Collection entries:

== Segment start ==

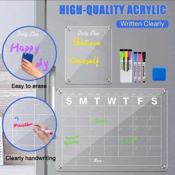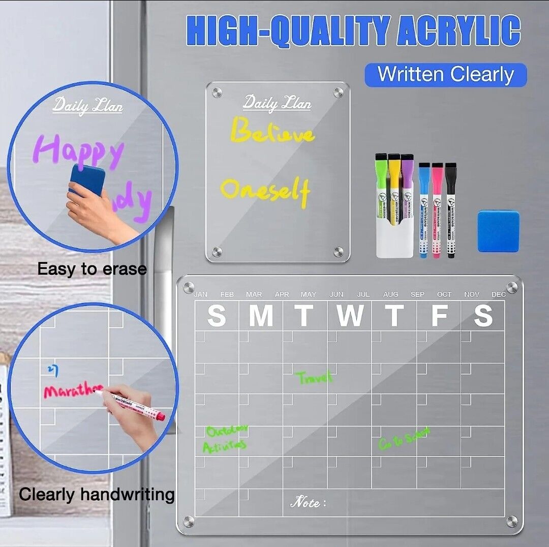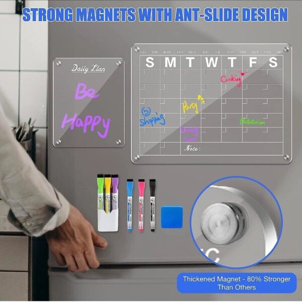 Premium Quality Acrylic: Experience the luxury of our 2 sets of monthly and weekly calendar for fridge. Crafted from extra-strong, high-density acrylic, our acrylic magnetic dry erase boards are a masterpiece of durability. Unlike other alternatives prone to cracks, our fridge dry …
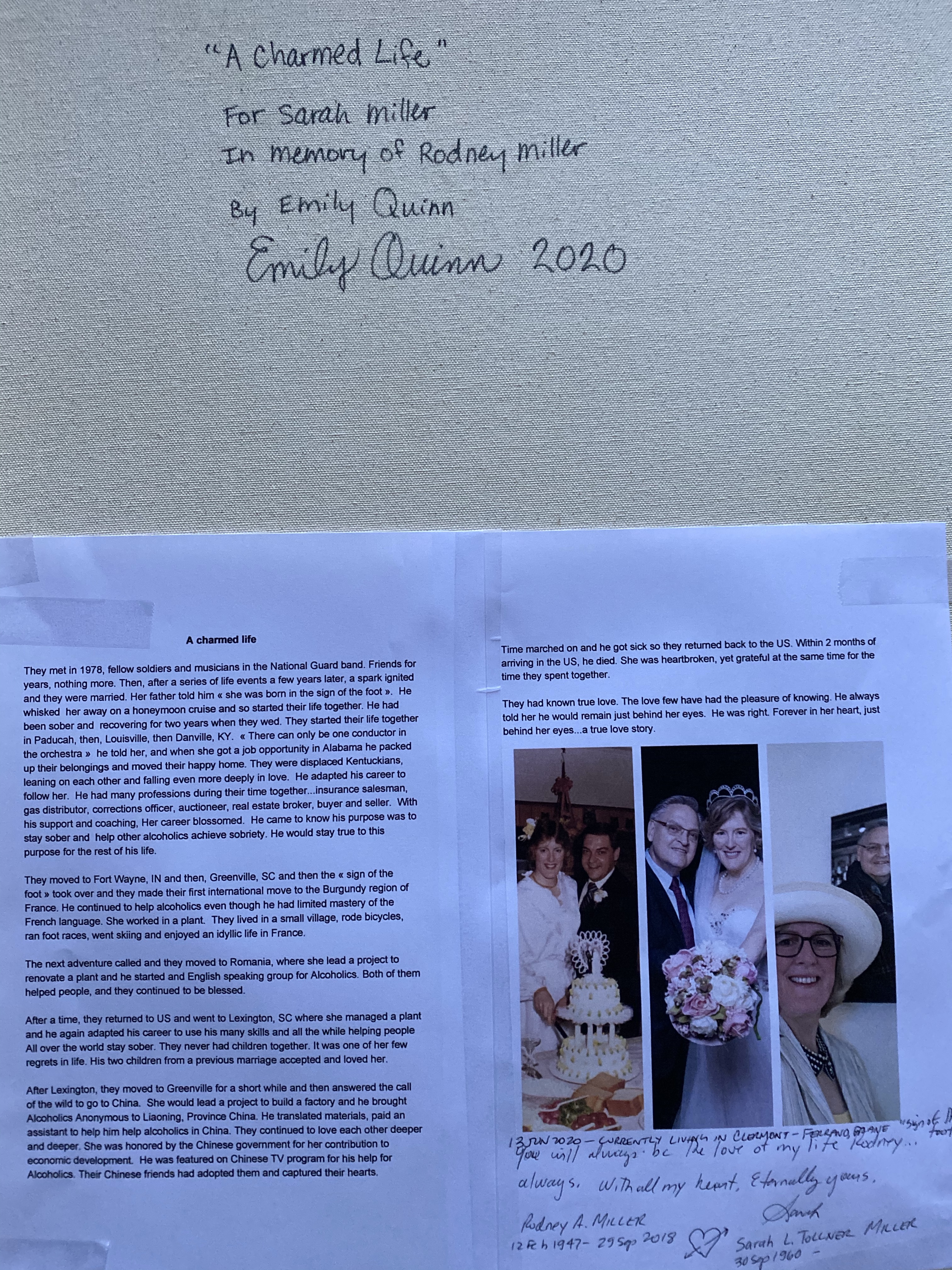 After Lexington, they moved to Greenville for a short while and then answered the call of the wild to go to China. She would lead a project to build a factory and he brought Alcoholics Anonymous to Liaoning, Province China. He translated materials, paid an assistant to help him help alcoholics in China. They continued to love each other deeper and deeper. She was honored by the Chinese government for her contribution to economic development. He was featured on Chinese TV program for his help for Alcoholics. Their Chinese friends had adopted them and captured their hearts.
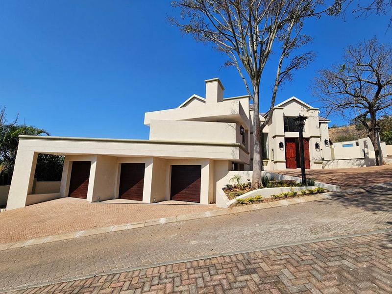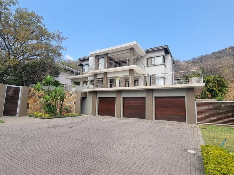 Entertainer's paradise in Matumi Golf Estate, set against sweeping Lowveld views with pool and private balconies; five en-suite bedrooms, home office, and five-car garage.
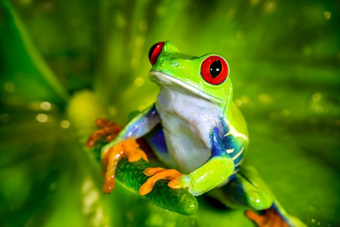 A cikkünk illusztrációja szerepel az első adásban, természetesen egy makrófotó, amin egy dél-amerikai piros szemű makibéka látható.
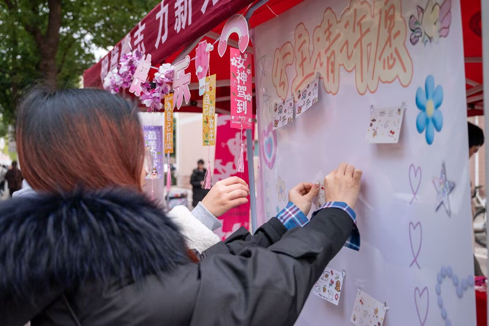 在3月7日,机械工程系以“三八”国际妇女节为契机,举办校园女神节活动,参与本活动的同学到达现场可写下自己的愿望并留下自己的联系方式,并参与看图猜人、一句话故事、是与不是等小游戏,鼓励女生们勇敢表达自我,追求梦想,在未来的学习和生活中绽放光彩,成为更加自信、独立、优秀的女性。
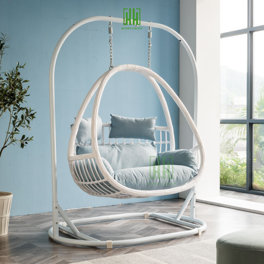 Xích Đu Phượng Hoàng Đôi Đen Khung Sắt Sơn Tĩnh Điện Cuốn Mây Nhựa Cao Cấp

== Segment end ==

Retype the entries above exactly, starting at their first line and ending with the line that holds "After Lexington, they"; pictures stay out.

 Premium Quality Acrylic: Experience the luxury of our 2 sets of monthly and weekly calendar for fridge. Crafted from extra-strong, high-density acrylic, our acrylic magnetic dry erase boards are a masterpiece of durability. Unlike other alternatives prone to cracks, our fridge dry …
 After Lexington, they moved to Greenville for a short while and then answered the call of the wild to go to China. She would lead a project to build a factory and he brought Alcoholics Anonymous to Liaoning, Province China. He translated materials, paid an assistant to help him help alcoholics in China. They continued to love each other deeper and deeper. She was honored by the Chinese government for her contribution to economic development. He was featured on Chinese TV program for his help for Alcoholics. Their Chinese friends had adopted them and captured their hearts.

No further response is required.